National Business Survey 2021/2022 data from Singapore Business
Federation
Despite concerns, SMEs can still find workable strategies to grow sustainably. Running the digital race is something that SME owners know they cannot avoid. 65% of SME owners rated tech as a priority for business transformation, with 42% of them committing to invest in new technology and digitalisation. This has also seen the government
committed to building up digital literacy and encouraging businesses to leverage on tech platforms and solutions.
The food and beverage industry was hit the hardest, with more than
20,000 jobs lost by the third quarter of 2021. However, businesses who took on the challenge of digitalising their operations during the downtime caused by COVID-19, have seen rewards.
One such example is White Restaurant. With five outlets in Singapore, they knew that business would be hit hard when safety measures ramped up in early 2020. With the help of UOB solutions, they acted swiftly to set up online delivery capabilities, including centralised order-processing in addition to digital marketing. As a result, sales during the
circuit breaker period remained resilient, at about 70% of pre-pandemic levels.
A 2022 Paypal survey which measured how Singapore’s resilient SMEs survive and thrive during the pandemic showed that social media was
the top way to grow businesses. 53% of SMEs pivoted to social media as a selling channel. This has seen increased productivity, optimised operations, and reduced costs, while remaining relevant and accessible to customers.
PPP Coffee’s retail store at Funan which took huge hit in sales when the Circuit Breaker started in 2020
A good example is how this has paid off for local SME, PPP Coffee. Despite being one of Singapore’s big players in the coffee industry, they saw more than 90% loss in business when COVID-19 hit.
Founder Leon Foo and his team had to innovate to connect with consumers. Without the ease of reaching them in-store previously, initiatives like the care pack rolled out through social media and their online store. With the help of UOB, these initiatives provided food and beverage options to Leon’s consumers in their homes and saw extensions into the community.
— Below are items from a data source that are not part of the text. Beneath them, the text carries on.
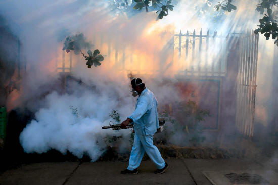 health ministry worker fumigates a house to kill mosquitoes during a campaign
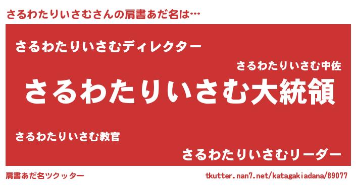 | 男性向けラノベタイトル風あだ名 | 『やはりさるわたりいさむの青春ラブコメはまちがっている 』 |
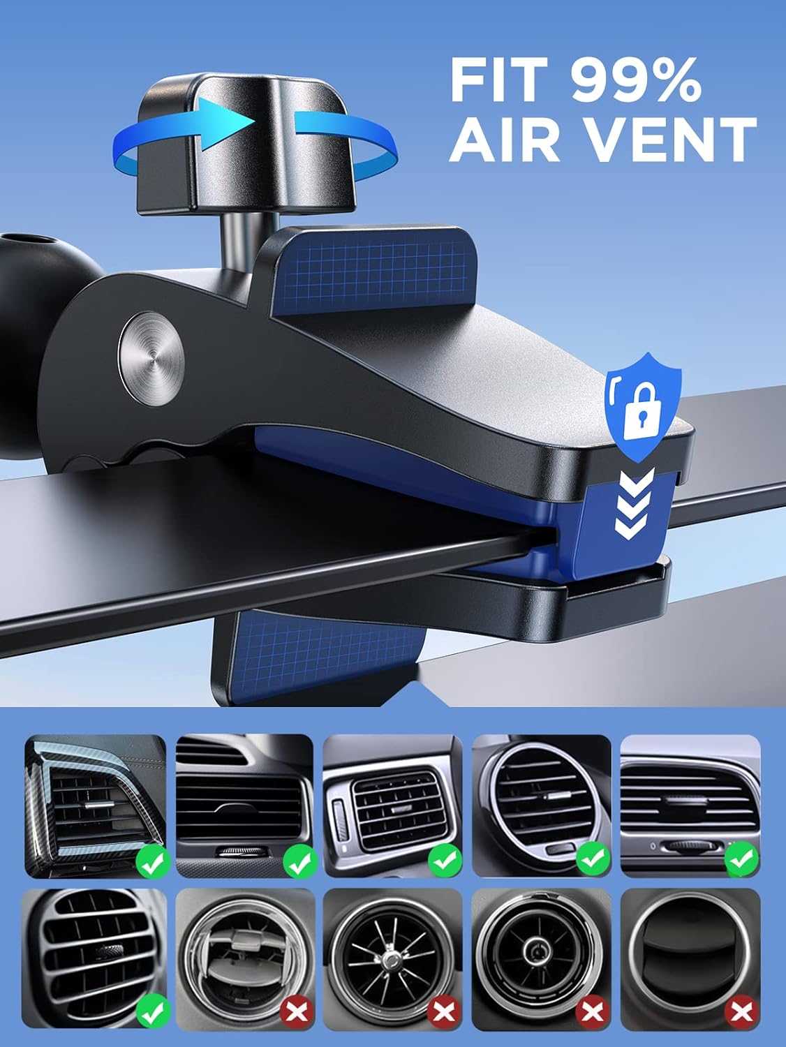 O clipe de ventilação anti-chacoalhar foi aprimorado em 2024, oferecendo maior compatibilidade e se ajustando perfeitamente a 99% das saídas de ar, tanto na vertical quanto na horizontal. Com um design triangular de fixação, você não precisará mais se preocupar com o seu celular balançando ou caindo em estradas irregulares ou trilhos de trem.
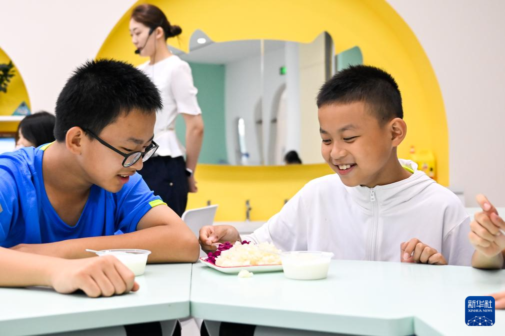 7月25日,参加研学活动的青少年在呼和浩特市伊利健康谷景区体验酸奶制作。
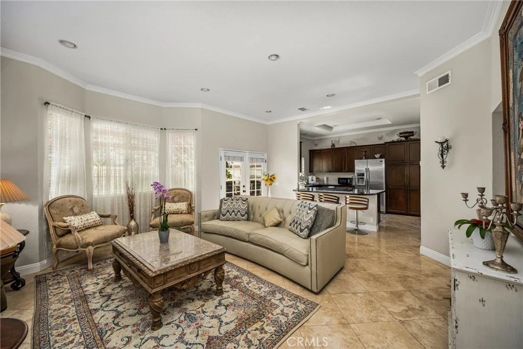 Turnkey end-unit townhome located in the desirable Crestline community of Laguna Hills. This beautifully upgraded 2-bedroom, 2.5-bath residence offers an open and light-filled floor plan with high ceilings, crown molding, travertine flooring, and tasteful finishes throughout. The spacious living and dining areas flow seamlessly into a well-appointed large kitchen featuring custom cabinetry, granite countertops, and stainless steel appliances. The home also features one of the most private and expansive patios in the community, creating an ideal indoor-outdoor setting for relaxing or entertaining. Upstairs includes two bedrooms, including a generously sized primary suite, each with upgraded bathrooms. Additional improvements include newer A/C (approximately one year old) and patio wood shades. The end-unit location provides added privacy along with dual access to parking for enhanced convenience. Residents enjoy access to HOA amenities including three pools, spas, and a clubhouse, all within a pet-friendly community surrounded by greenbelts, parks, and scenic trails. Conveniently located near Top-rated schools, shopping, Aliso Viejo Town Center, Trader Joe’s, Costco and dining. The Laguna Hills Community Center is close by, featuring a park, soccer and baseball fields, playground and skate park. Easy access to Laguna Beach and Dana Point from Alicia pkwy and major highways including 5 and 73. This is a compelling opportunity for buyers seeking a move-in-ready home with strong long-term value in a prime Orange County location. Don't miss it!
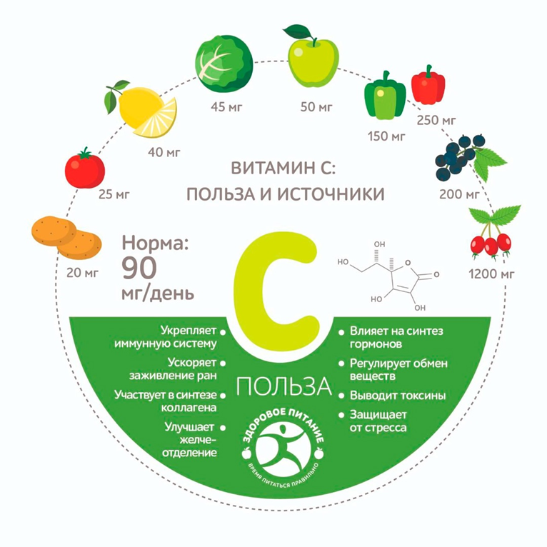 Хотя витамин С часто ассоциируется с защитой от простуд, он участвует во множестве важных процессов в организме. Это водорастворимый витамин, который практически не накапливается в организме, а его избыток выводится с мочой. Витамин С не содержится в жирах, мясе, злаках, молочных продуктах и сладостях.
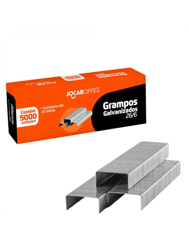 Grampos metálicos 26/6 ideais para uso em grampeadores manuais de pequeno e médio porte. Embalagem com 5.000 unidades, perfeita para garantir produtividade e reposição constante em escritórios, escolas e ambientes comerciais.
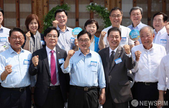 [서울=뉴스핌] 윤창빈 기자 = 우원식(아래 왼쪽 세번째) 국회의장이 8일 오전 서울 여의도 국회 사랑재에서 열린 K-바캉스 캠페인에서 송언석 국민의힘 비상대책위원장 겸 원내대표와 김병기 더불어민주당 당대표 직무대행 겸 원내대표 등 참석자들과 기념촬영을 하고 있다. 2025.07.08 pangbin@newspim.com
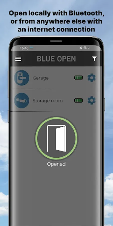 Blueopen is a complete solution that allows you to manage your doors using Bluetooth, so get rid of the Internet dependence. But also, if you want to control your doors from anywhere in the world, you can use it to control your doors using your home Internet connection.
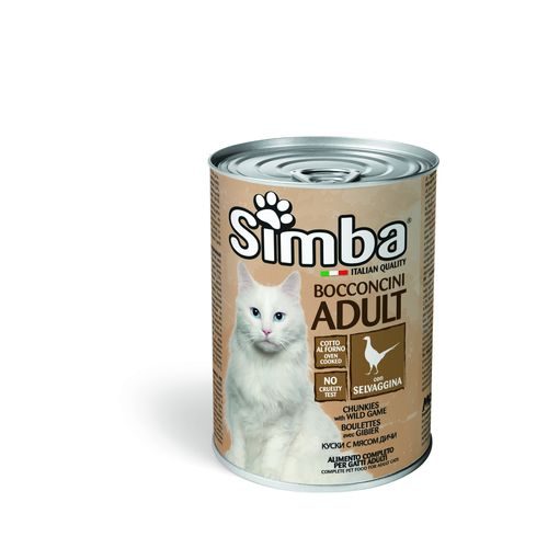 Simba Cat kousky s divočinou je kompletní krmivo pro dospělé kočky. Kousky v omáčce připravené z kvalitních ingrediencí, jako je perlička a kachna, zdroj bílkovin a minerálů, se pečou v troubě, aby zvýraznily jejich přirozenou chuť a stimulovaly každodenní chuť k jídlu vašeho mazlíčka. Složení bylo vyvinuto se specifickou kombinací vitamínů A-D3-E, aby splnilo nutriční požadavky denní potřeby vašeho mazlíčka. Bez přidaných barviv a konzervačních látek.
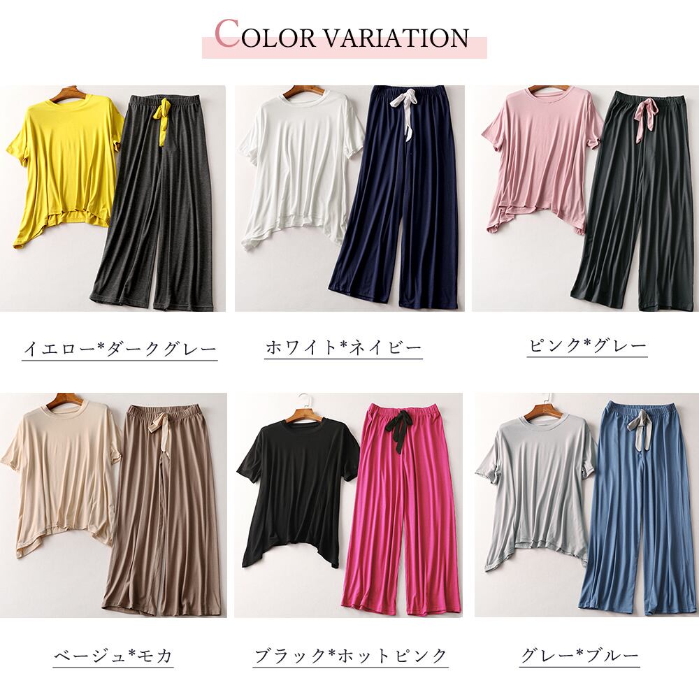 ロングパンツと半袖トップスのルームウェア2点セットです
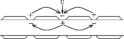 соединены проводѐщей средой возникаят местные токи (от "+" до -""). Эти токи в области невозбуждённых перехватов
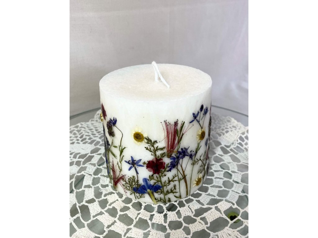 Vzniká z květin, o které se starám od začátku až do konce – při růstu, lisování i skládání. A také z vosku, který si připravuji sama.
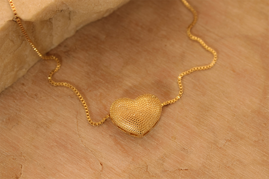 GARGANTILHA BANHADA EM OURO, ELO 1,20mm LARGURA, 40cm COMPRIMENTO, EXTENSOR 10cm COMPRIMENTO E CORAÇÃO 7mm LARGURA, PARA QUALQUER COR
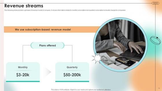 The following slide provides a glimpse of revenue model of company. It shows information related to monthly subscription and quarterly subscription amounts charged to companies. This Revenue Streams Content Marketing Platform Investor Funding Elevator Pitch Deck is perfect for any presentation, be it in front of clients or colleagues. It is a versatile and stylish solution for organizing your meetings. The Revenue Streams Content Marketing Platform Investor Funding Elevator Pitch Deck features a modern design for your presentation meetings. The adjustable and customizable slides provide unlimited possibilities for acing up your presentation. Slidegeeks has done all the homework before launching the product for you. So, do not wait, grab the presentation templates today The following slide provides a glimpse of revenue model of company. It shows information related to monthly subscription and quarterly subscription amounts charged to companies.
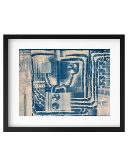 Walk around the school and look up. This textile work is a cyanotype depicting a collage made in a simple computer paint program from 2004, it was made from 5 pictures of the schools industrial ceilings put together to make one big image. The image was then printed onto A3 tracing paper and put over textile coated in ferric ammonium citrate and potassium ferricyanide. It was left in uv light for an hour. Remaining textile cyanotype parts were then sewn together onto the work.
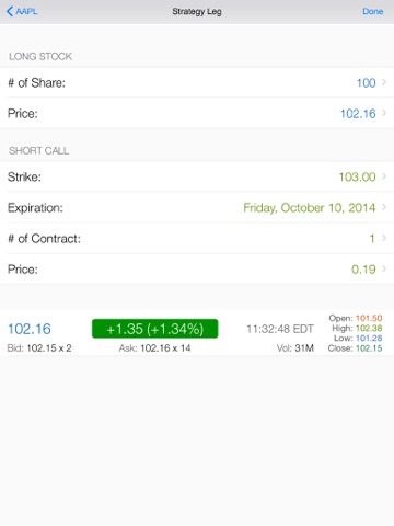 Being a fan of using covered call as your secret weapon to boost your profit? Just got your level I options trading approval to short covered call? This app is dedicated to helping you build, evaluate, and study covered call positions easily and quickly. It comes with a highly-praised and fast loading options chain, touch based interactive profit/loss graphs, simulator of the time decay and Implied Volatility change, etc. It provides the fastest way to plan your covered call strategy. Plus, Real-Time underlying stock quotes and current Implied Volatility are included. You can further customize and manage your covered call strategy. Best of all, it is all FREE.
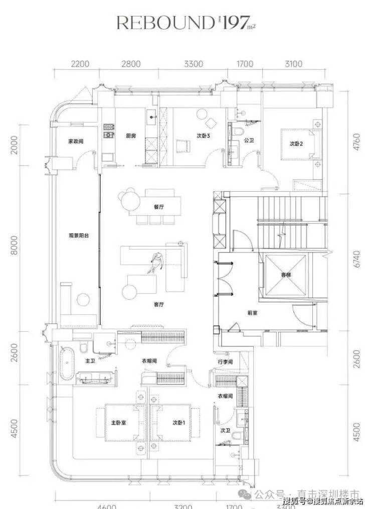 主力户型为186-247㎡,主打T2/T3楼型
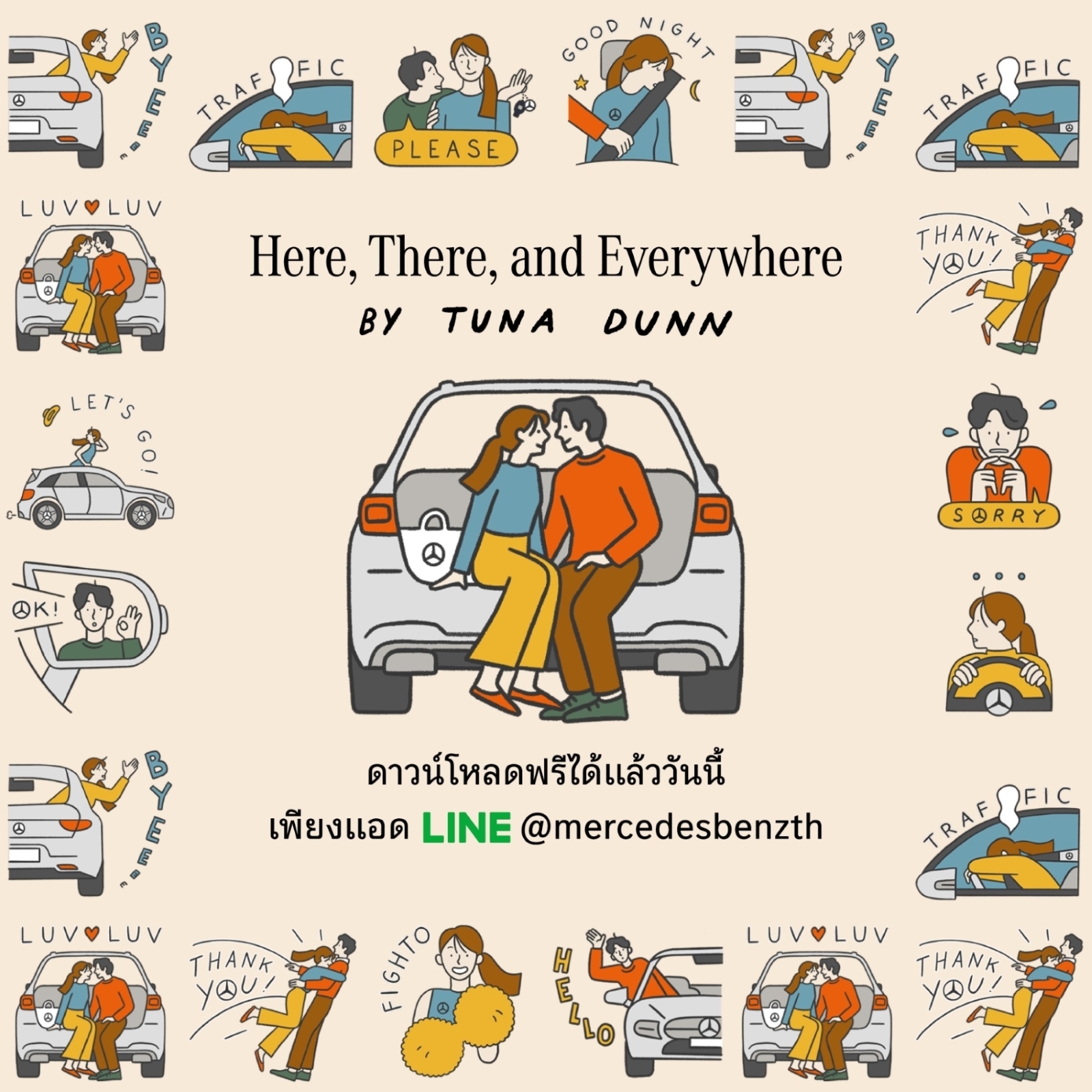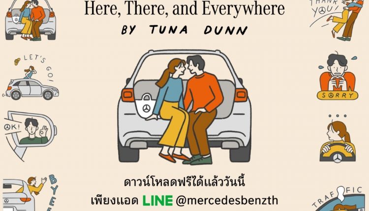 เมอร์เซเดส-เบนซ์ ประเทศไทย ส่งสติกเกอร์ Line ชุดพิเศษ “Here, There and Everywhere” จากฝีมือการดีไซน์ของ Tuna Dunn หรือตุล-ตุลยา ตุลย์วัฒนจิต ศิลปิน-Iillustrator เจ้าของลายเส้นที่มีความโดดเด่นในเรื่องของการบอกเล่าเรื่องราวที่ดูเรียบง่ายแต่โดนใจมาเป็นผู้ออกแบบ พร้อมเปิดให้ดาวน์โหลดตั้งแต่วันนี้เป็นต้นไป

It also reaffirmed Leon’s belief in wanting to connect people with coffee.
National Business Survey 2021/2022 data from Singapore Business
Federation
Cash flow emerged as one of the top three priorities for SMEs in 2020 and 2021, where having positive cash flow remains top of mind for many business owners. These include costs from manpower, right down to training and rent. Hence, it’s no wonder that many SME owners prioritise survival through cutting cost measures and downsizing. 4 in 10
businesses have reported that they have insufficient liquidity for the next 6 months. This has seen SME owners try to control the flow of outgoing payments, boost collection capabilities, and consider the use of credit facilities.
MusicGear got a cash flow boost that enabled increase in trade
Pictured: Brandon Tan and Sean Tan, directors at MusicGear
With only 26% of SME owners saying that they were willing to use credit facilities, it comes as a surprise that the directors at MusicGear, Brandon Tan and Sean Tan were open to loans. Through UOB, they opted for a business loan that came with the option of extended trade facility, which helped with facilitating their international trade and commerce. It also boosted cash flow and enabled their business to trade and distribute in comfort without worrying too much about liquidity.
“As a distributor, we have to expand to stock up more inventory so that we have variety for our customers,” says Brandon.
Running an SME is no small business, and SME owners know this best. With time, cost, and manpower as huge priorities, efficiency and timeliness of financial solutions are instrumental in sustaining and growing business.